=== YOUR GOAL ===
Excluding every picture, print exactly the lines from the one containing "正心不動產估價師聯合事務所市" through the end of the material below, both ends included.

=== DATA SHOWN ===
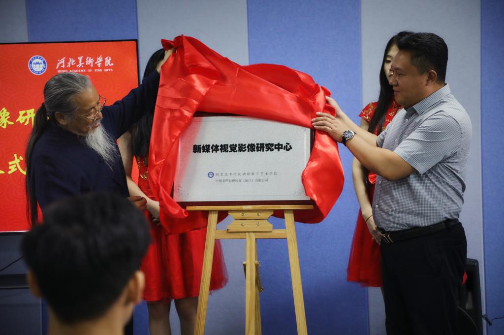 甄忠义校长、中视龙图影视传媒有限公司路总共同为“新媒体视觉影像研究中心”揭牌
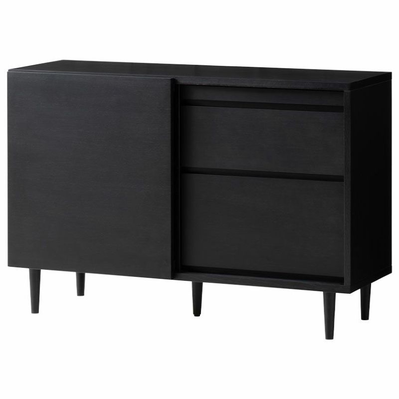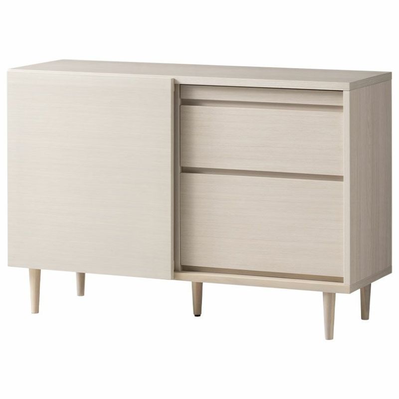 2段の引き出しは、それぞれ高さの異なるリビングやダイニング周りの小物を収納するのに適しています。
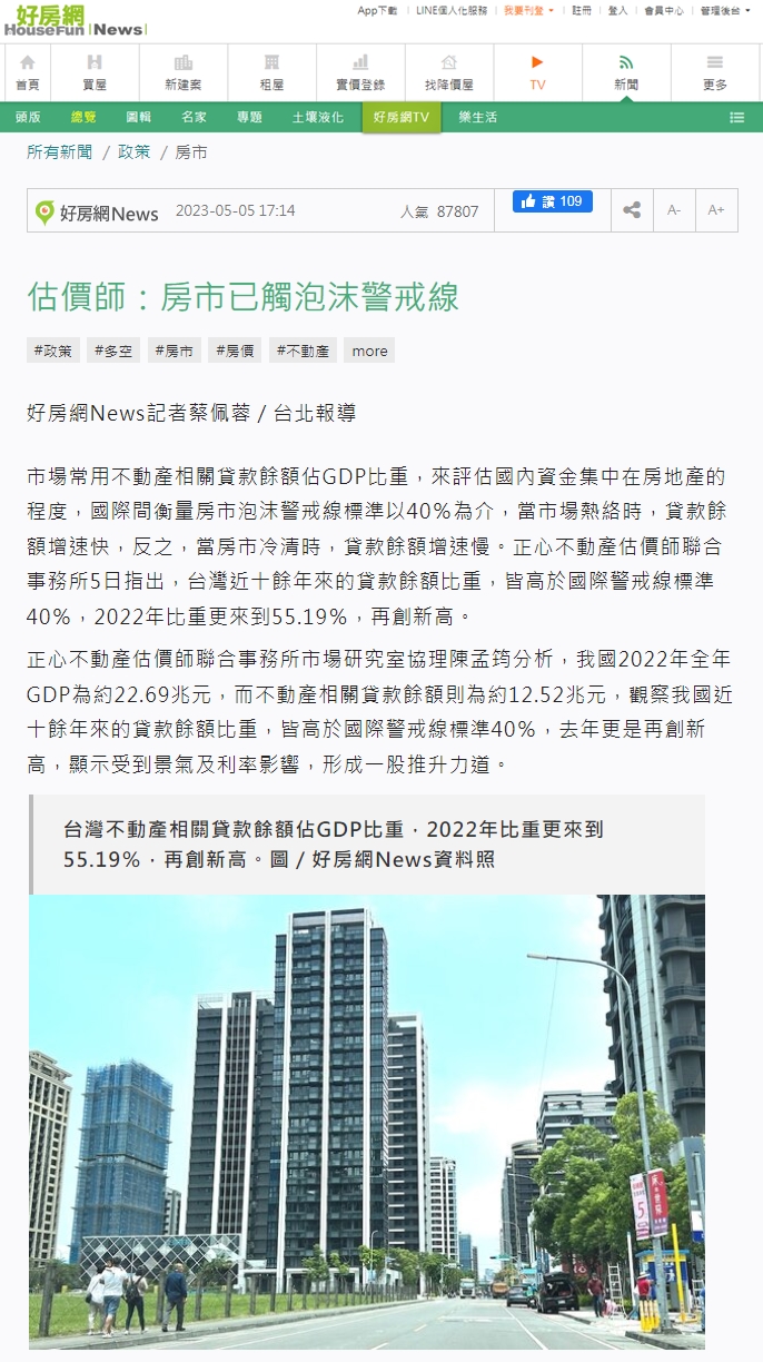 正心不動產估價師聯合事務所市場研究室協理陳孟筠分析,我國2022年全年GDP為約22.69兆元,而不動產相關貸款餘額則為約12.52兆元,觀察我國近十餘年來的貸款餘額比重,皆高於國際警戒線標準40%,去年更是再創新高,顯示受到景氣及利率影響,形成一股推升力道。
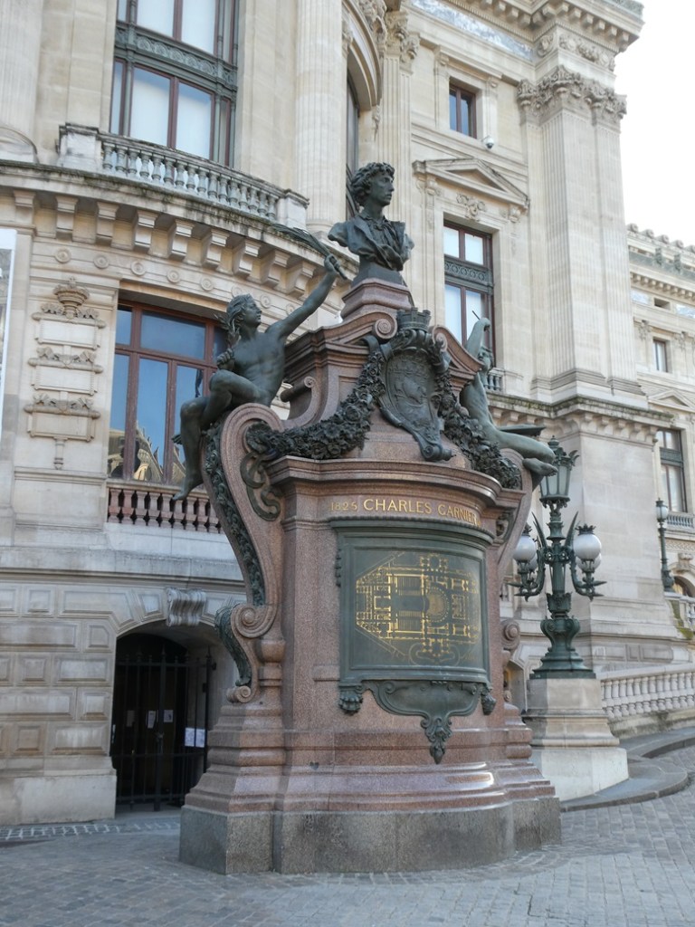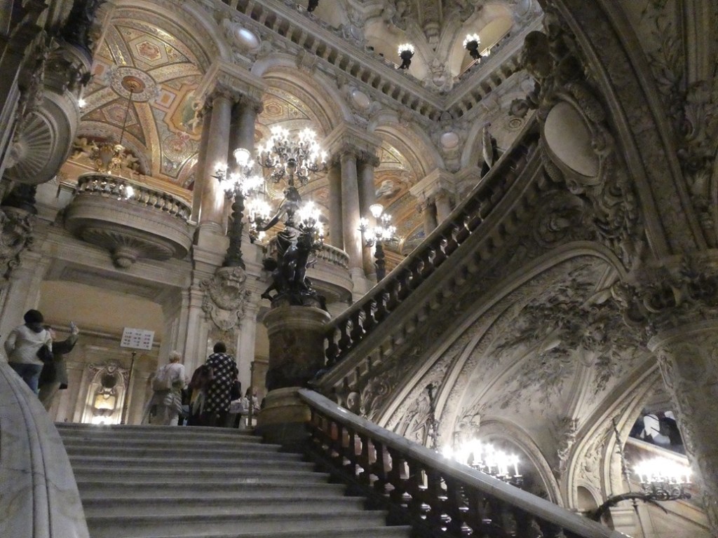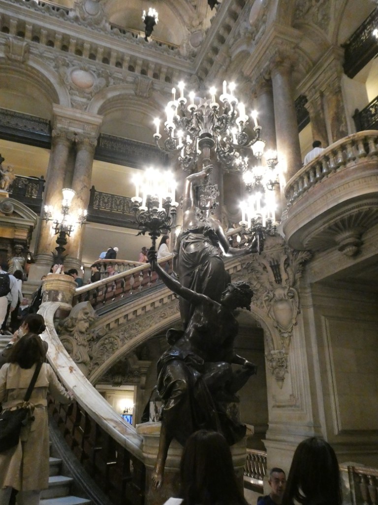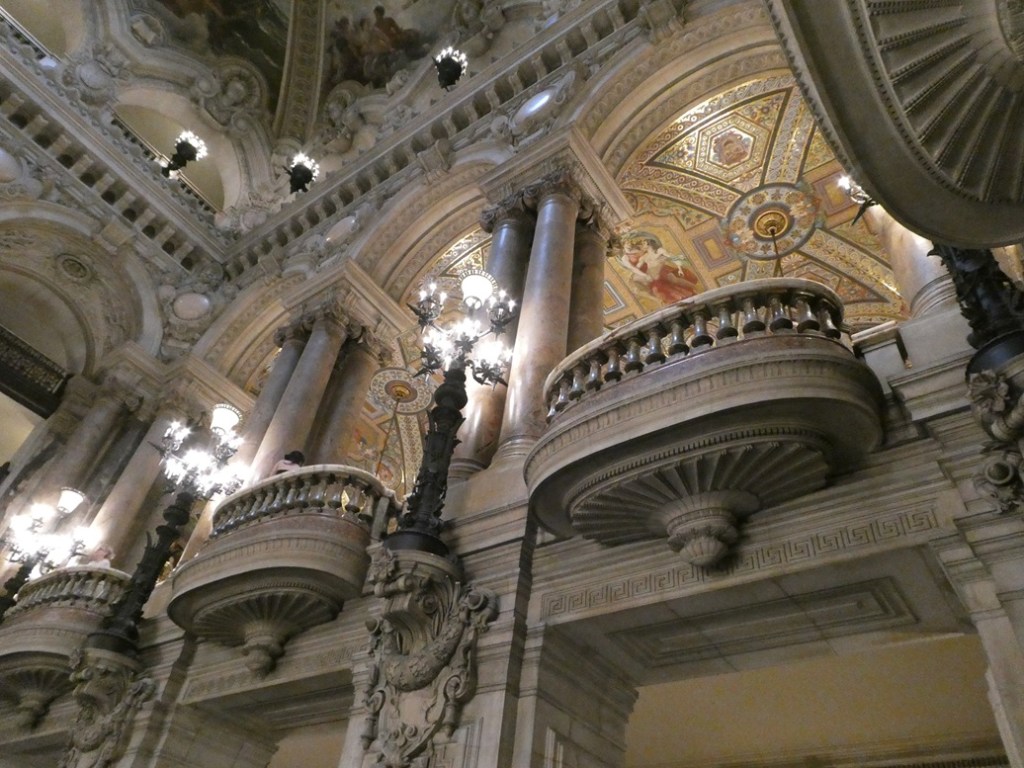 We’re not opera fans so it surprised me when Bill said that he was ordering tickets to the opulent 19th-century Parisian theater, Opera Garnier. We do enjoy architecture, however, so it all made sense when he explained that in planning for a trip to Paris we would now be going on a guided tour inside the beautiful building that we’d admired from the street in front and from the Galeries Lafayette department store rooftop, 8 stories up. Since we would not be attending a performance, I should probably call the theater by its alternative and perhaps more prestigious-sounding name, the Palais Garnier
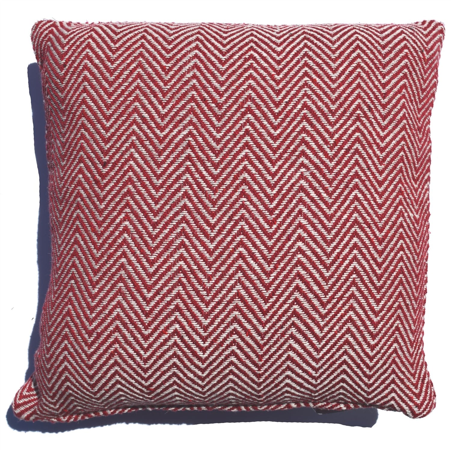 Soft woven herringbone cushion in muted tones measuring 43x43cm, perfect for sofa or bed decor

=== ANSWER TO THIS EXERCISE ===
 正心不動產估價師聯合事務所市場研究室協理陳孟筠分析,我國2022年全年GDP為約22.69兆元,而不動產相關貸款餘額則為約12.52兆元,觀察我國近十餘年來的貸款餘額比重,皆高於國際警戒線標準40%,去年更是再創新高,顯示受到景氣及利率影響,形成一股推升力道。
 We’re not opera fans so it surprised me when Bill said that he was ordering tickets to the opulent 19th-century Parisian theater, Opera Garnier. We do enjoy architecture, however, so it all made sense when he explained that in planning for a trip to Paris we would now be going on a guided tour inside the beautiful building that we’d admired from the street in front and from the Galeries Lafayette department store rooftop, 8 stories up. Since we would not be attending a performance, I should probably call the theater by its alternative and perhaps more prestigious-sounding name, the Palais Garnier
 Soft woven herringbone cushion in muted tones measuring 43x43cm, perfect for sofa or bed decor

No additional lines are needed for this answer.